Development and Verification of a Batch-Calibration Method for Plastic Scintillator In-Vivo Dosimetry
Abstract
Purpose
To develop a reliable batch‑calibration method and dose‑reading protocol for in-vivo scintillation imaging dosimetry during radiation therapy.
Methods
Plastic scintillators (DoseDots, 1.5 cm diameter; DoseOptics) were positioned at a series of known coordinates on an IC Profiler (Sun Nuclear Corporation). Placement accuracy was ensured with a laser‑cut acrylic template. The setup was irradiated at 100 cm source‑to‑surface distance (SSD) using a 6 MV, 30×30 cm² photon beam. Light emitted from each scintillator was recorded at 16 fps with a gated, intensified CMOS camera (DoseOptics LLC). Using the same beam parameters, dose measurements were performed in a water tank at depths 1 mm (water‑equivalent depth of the DoseDots) and 9 mm (effective measurement point of the profiler ion chambers). This allowed for the extrapolation of the profiler‑reported doses to the exact locations of the DoseDots.
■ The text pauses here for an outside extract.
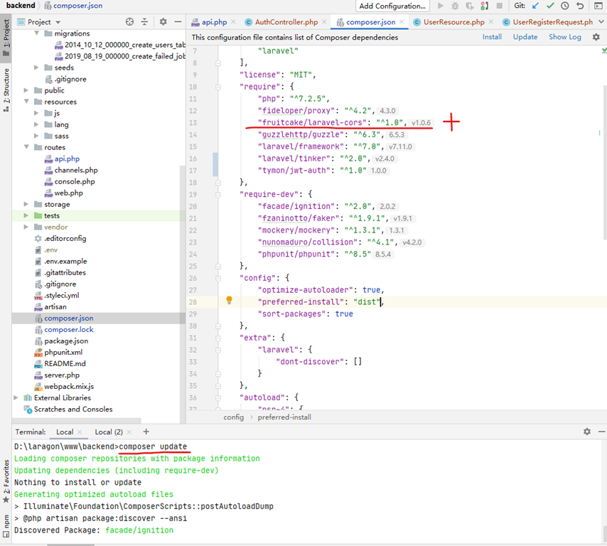 切换到backend项目:参考 https://jwt-auth.readthedocs.io/en/docs/laravel-installation/ 执行:

Raw images were background subtracted and flat‑field corrected. In each frame, the scintillation signal from each DoseDot was fitted to an ellipse, and peak amplitudes were summed across all frames to yield cumulative intensity per DoseDot. Calibration factors for various batches of DoseDots were expressed in counts/cGy. Additionally, dose‑linearity (40-800cGy), dose‑rate dependence (100-600 MU/min), and energy dependence (6-18 MV) were evaluated.
Results
The derived calibration factors demonstrated high intra-batch consistency with a coefficient of variation (CV) of 1.0%. Each DoseDot exhibited a linear dose response (R²=0.99) over the tested range. Dose-rate dependence and energy dependence tests yielded CVs of 2.6% and 1.6%, respectively.
Conclusion
The proposed workflow yields highly reproducible calibration factors, minimal dose-rate and energy dependence, as well as robust linearity, all of which are key for reliable, batch-calibration of plastic scintillators for in-vivo patient dosimetry.